Three Isolation Backends

Different deployments need different isolation levels. roomkit-sandbox supports three backends through a protocol-based interface:

Docker (Development & CI)

Container-level isolation with ~500ms first boot. Per-user persistent containers, configurable memory and CPU limits, and instant reuse after startup. The default choice for local development and CI pipelines.

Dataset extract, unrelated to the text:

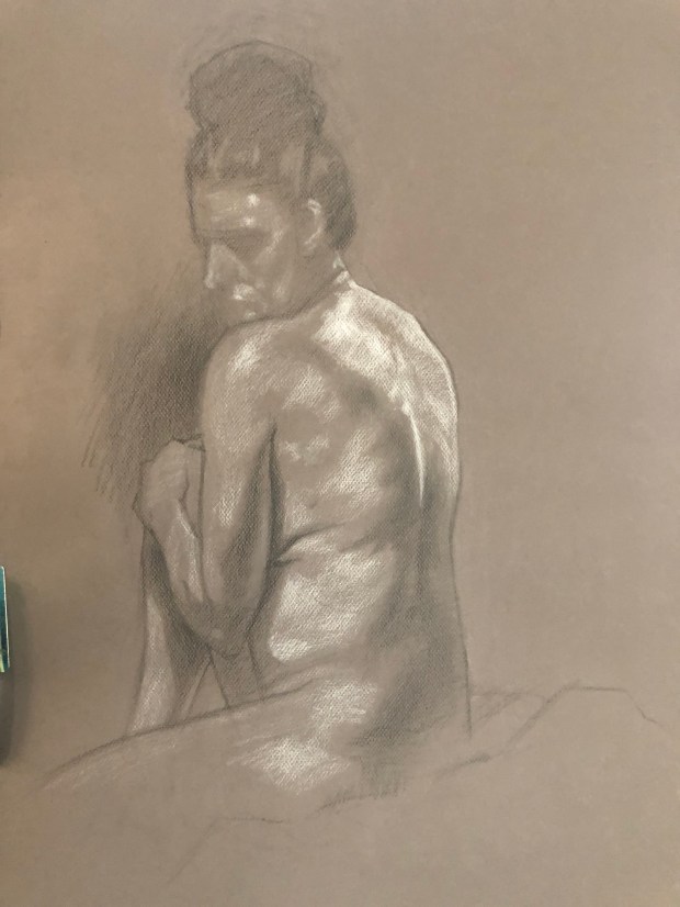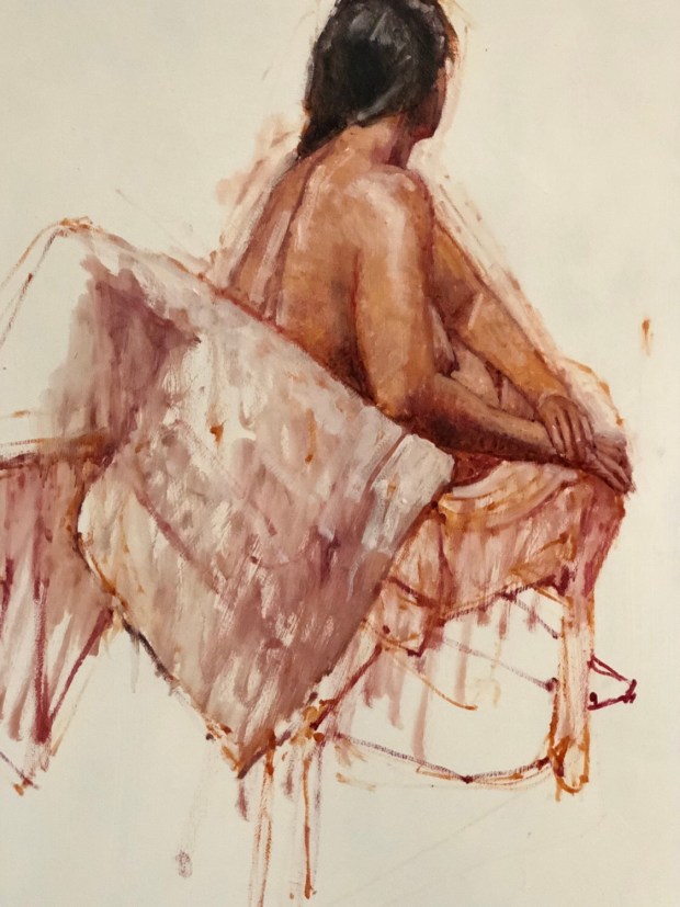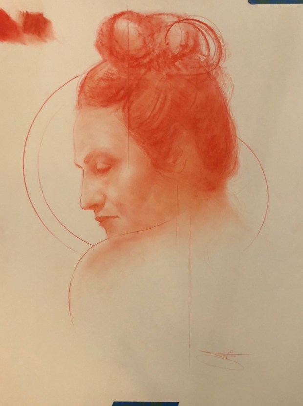 Quite pleased with the way Ilania turned out today. Pretty well for a ninety minute painting from life. Heads a little too round in the back.

from roomkit_sandbox import ContainerSandboxExecutor
from roomkit_sandbox.docker_backend import DockerSandboxBackend

sandbox = ContainerSandboxExecutor(
    backend=DockerSandboxBackend(
        image="ghcr.io/roomkit-live/sandbox:latest",
        memory_limit="512m",
        cpu_count=1,
    ),
    session_id="code-reviewer",
    setup_commands=[
        "git clone https://github.com/org/repo.git /workspace/repo",
    ],
)

Kubernetes (Production)

Pod-level isolation with namespace separation, service accounts, and image pull secrets. Lightweight pods (512Mi, 1 CPU) with label-based discovery for session reuse. The right choice when you're scaling agents in production.

from roomkit_sandbox.k8s_backend import KubernetesSandboxBackend

sandbox = ContainerSandboxExecutor(
    backend=KubernetesSandboxBackend(
        image="ghcr.io/roomkit-live/sandbox:latest",
        namespace="production",
        service_account="sandbox-runner",
    ),
)

SmolBSD (VM Isolation, Experimental)

True VM-level isolation using QEMU/KVM with a lightweight NetBSD-based microVM. Kernel-level separation means a hypervisor escape is required for breakout. The option for running untrusted code where container isolation isn't enough.

Token-Optimized Output with RTK

LLM context is expensive. Every byte of command output that goes back to the agent costs tokens. roomkit-sandbox uses RTK, a token-optimized CLI for LLMs, as its default command builder for Docker and Kubernetes backends.

Instead of dumping raw cat and grep output, RTK produces structured, compact results that reduce token usage by 60-90%. For long-running tasks or large codebases, this translates directly to lower API costs.

# Standard output: verbose, token-heavy
sandbox_bash "make test"  # → raw test output (thousands of tokens)

# RTK output: summarized, token-efficient
sandbox_bash "make test"  # → rtk summary (structured result, 60-90% fewer tokens)

The command builder is pluggable. You can swap in a NativeCommandBuilder for standard POSIX output, or subclass CommandBuilder to inject project-specific tools.

Container Lifecycle

Containers are created on first use and reused across calls within a session. The lifecycle is automatic:

First call: creates the container, runs setup commands (git clone, pip install, etc.), caches the container ID
Subsequent calls: reuses the cached container instantly
Container crash: automatically creates a new container on the next call

Label-based discovery means the executor can find existing containers even after process restarts, avoiding startup overhead.

Integration with RoomKit

roomkit-sandbox implements RoomKit's SandboxExecutor interface. Pass it to an Agent and the sandbox tools appear in the agent's tool catalog automatically:

from roomkit import Agent
from roomkit_sandbox import ContainerSandboxExecutor
from roomkit_sandbox.docker_backend import DockerSandboxBackend

agent = Agent(
    name="code-reviewer",
    provider=anthropic.Anthropic(),
    sandbox=ContainerSandboxExecutor(
        backend=DockerSandboxBackend(),
        session_id="review-session",
        setup_commands=[
            "git clone https://github.com/org/repo.git /workspace/repo",
        ],
    ),
)

# The agent now has sandbox_read, sandbox_write, sandbox_git,
# sandbox_bash, and all other sandbox tools available.

The Container Image

The sandbox image (ghcr.io/roomkit-live/sandbox:latest) is 37MB, built on Alpine 3.21. It includes RTK, bash, git, curl, jq, and openssh-client. Containers run as a non-root sandbox user (UID 1000) with /workspace as the working directory.

Getting Started

pip install roomkit-sandbox[docker]     # Docker backend
pip install roomkit-sandbox[kubernetes] # Kubernetes backend

The project is open source under the MIT license. Check out the GitHub repository for documentation, examples, and the full API reference.

This is v0.2.1, still in alpha. The core executor, Docker and Kubernetes backends, and RTK integration are solid and tested. SmolBSD support is experimental. We'd love your feedback.